Thursday, December 13, 2012

Punjabi Kadhi (Chick pea flour dumplings in yogurt based sauce)

I have tried many different versions of  "Punjabi Kadhi" & failed every time until I was gifted with Sanjeev Kapoor's cook book by one of my Aunts. This turned out to be the best of all and was adapted from Sanjeev Kapoor's Traditional Indian Cuisine-Punjabi cook book. I made a few modifications to the original recipe to suit our taste.


For the Pakore (Dumplings):
3/4 cup Besan (chick pea flour)
1 small onion, chopped
1/4 cup kasoori Methi
1 "ginger, grated
1 tsp chilli powder
salt to taste
oil for deep frying

For the Gravy (Yogurt based Sauce):

1 cup unflavored yogurt
1/4 cup besan (chick pea flour)
1/4 tsp methi seeds (fenugreek seeds)
1/2 tsp jeera (cumin seeds)
1/2 tsp pepper corns
2-3 dried red chillies (byadgi)
1 medium onion, sliced
1 tsp red chilli powder
1 tsp haldi (turmeric powder)
1/2 "ginger, grated
salt to taste

How it's made:

To make the pakore- Mix all ingredients together except oil with half cup water. Mix until smooth, Drop by spoonful into hot oil & deep fry about 6-8 at a time without over crowding. Fry until light golden brown. Drain on paper towel.

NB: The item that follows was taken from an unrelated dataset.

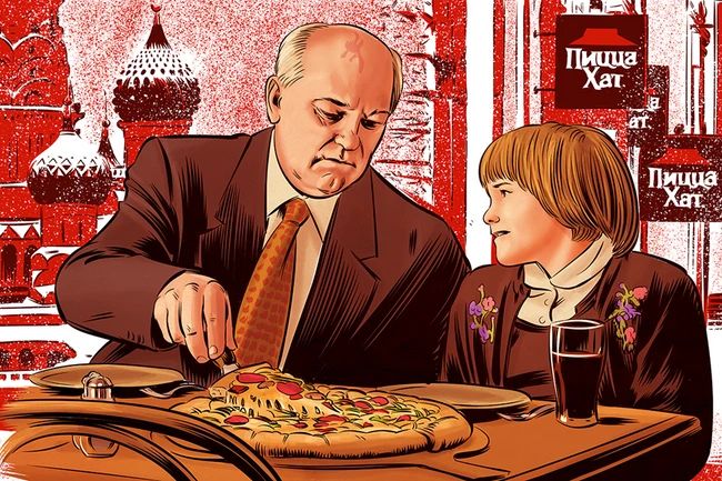 Tot de un mare simbolism este reclama din 1998, în care președintele Gorbaciov încurajează oamenii să vină la Pizza Hut. În acea perioadă, debutau în Rusia marile lanțuri internaționale de Fast Food. 24 de ani mai târziu au închis obloanele.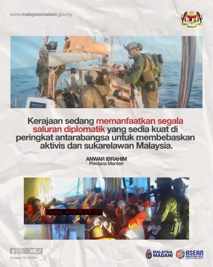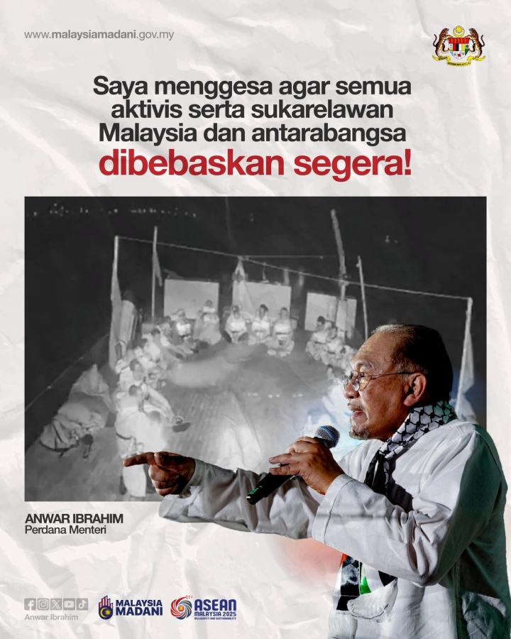 "Lantaran, saya menggesa agar semua aktivis serta sukarelawan Malaysia dan antarabangsa dibebaskan dalam kadar segera!

To make the gravy- Heat oil in a non stick pan. Add methi, jeera, pepper corns & dried red chillies. Fry until red chillies change into a deeper color. Add onions & fry until translucent. In the meantime, whisk yogurt in a bowl. Add besan (chick pea flour) & whisk well to avoid lumps. Add 2 cups water. Add yogurt sauce to onions. Let it boil on low heat. Keep stirring. Add ginger, spice powder and salt to taste. Add fried dumplings & let cook for 5 mins on very low heat. Serve with white rice or roti.